Friday, November 9, 2007

Free it may be, but is it cheap?

An article in BusinessWeek discusses the success of the bike-sharing concept and where it's been catching on. The author also discusses who provides the service. Bike-sharing is presently dominated by two companies - JCDecaux and Clear Channel Adshel. They have brought bike-sharing to the forefront with success, and for this they should be commended. However, BusinessWeek contends that localities which contract for advertising on public property and get bike-sharing as a "bonus" are really paying for the service.

The article suggests:

"Would it not be a better deal for a city simply to sell its advertising rights for money, and to the highest bidder? With the revenue it could then pay for a bike rental service or any other programs -- and in the end, if possible, have a tidy sum left over. When it comes to package deals like this one, that suspicion always lingers."

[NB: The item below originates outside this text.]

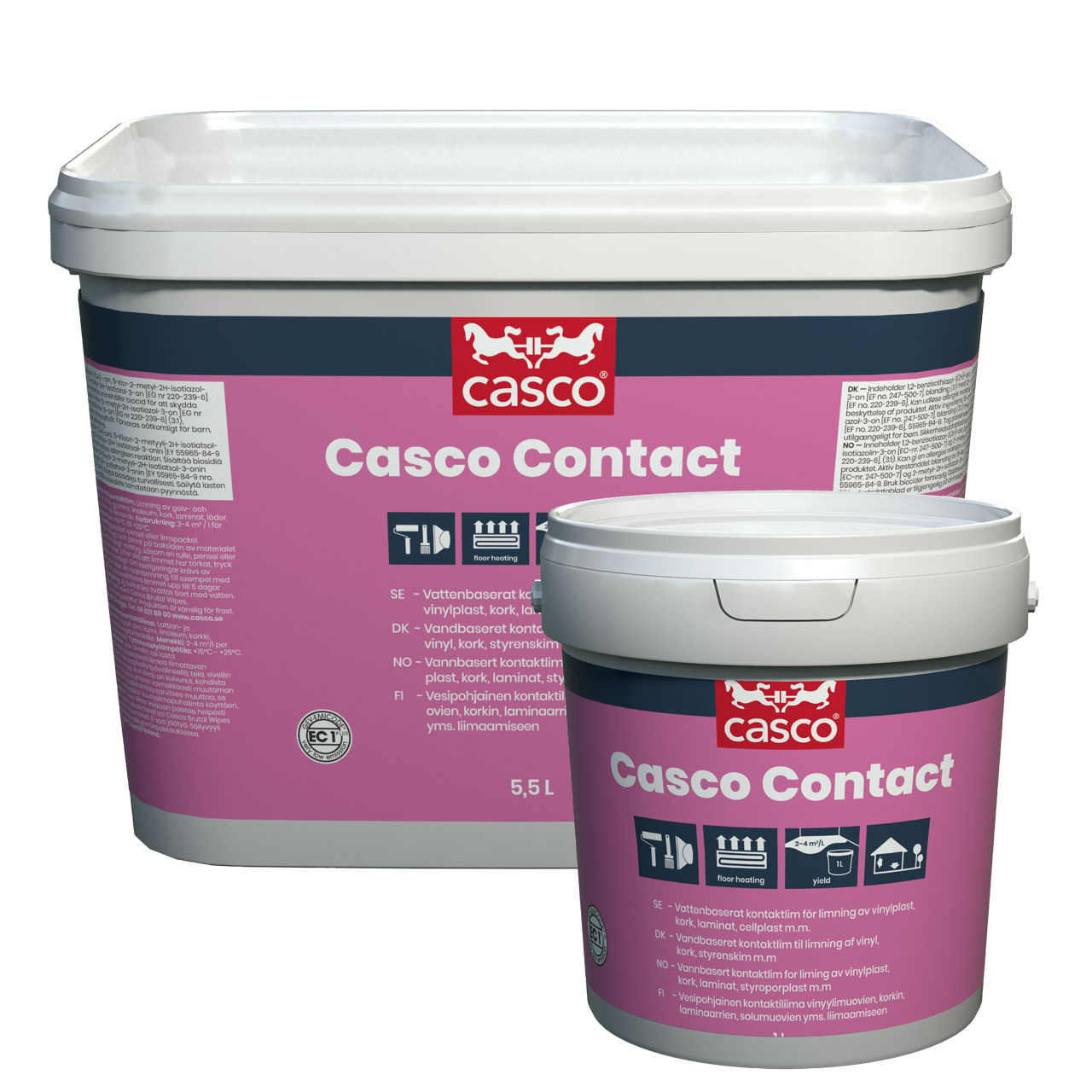 Casco Contact används för limning av golv och väggar med vinylmattor, PVC-mattor, gummimattor (ej EPDM), linoleum, kork, laminat, läder, textil och metall.

The dissection of the two is happening. In Barcelona, JCDecaux provides the advertising while Clear Channel Adshel provides bike-sharing. The same split is happening in Hamburg too where the city will "hold a separate tender process for a bike rental scheme at the beginning of next year."


Anonymous said...

Please have a look at page 68 on the document you point "Vélo’v: a Personal Mobility Service (in French)".

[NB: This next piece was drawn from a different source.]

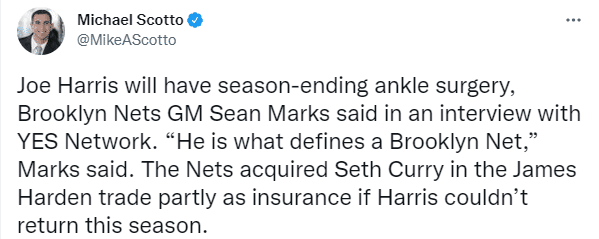 篮网总经理肖恩-马克斯发表声明,表示哈里斯尝试了所有的努力,无奈最终仍需要接受手术,他将错过本赛季剩余的全部比赛;与此同时,篮网总经理还透露一大利好消息。

I know, it's french in the text but will give you some clues of why french cities globally make the choice "Bike vs Advertisment"

Also, Toulouse will be the next French city to go by the JCDecaux bike sharing system, but this time, it wont be "bike vs advertising". So let's wait and see how much in this case it cost to city's citizen ...

Colville-Andersen said...

The original bike-sharing concept from Copenhagen had some financial support from the city when it started back in the mid-90's.

But sponsorship soon took over and it is self-sufficient now.

Interestingly, all the repairs that can't be made by the four mobile workshops are made by rehabilitating prisoners at a prison.

For more info see this post at the copenhagen bike culture blog.

claytonlane said...

JCDecaux provides a turn-key solution: a willing operator and a willing financer all in one package. Politically it's probably easier to sell too: it looks like JCD is funding the project, rather than the taxpayers.

But I agree -- I bet the ad revenue far exceeds the cost of the bike system, which means the City could finance the bike system using ad revenue as collateral, and have money left over.

Either way, the city is putting up big bucks for bikes. That's pretty cool!

Anonymous said...

I'd say a government shouldn't be run identically like a business. Ad revenues aren't certain and neither is successful bike sharing. Promoting advertising AND bicycling are both social benefits. Doing it in a way that enhances both and doesn't require city employees to be experts in bikes or ad marketing seems like a good tradeoff to me.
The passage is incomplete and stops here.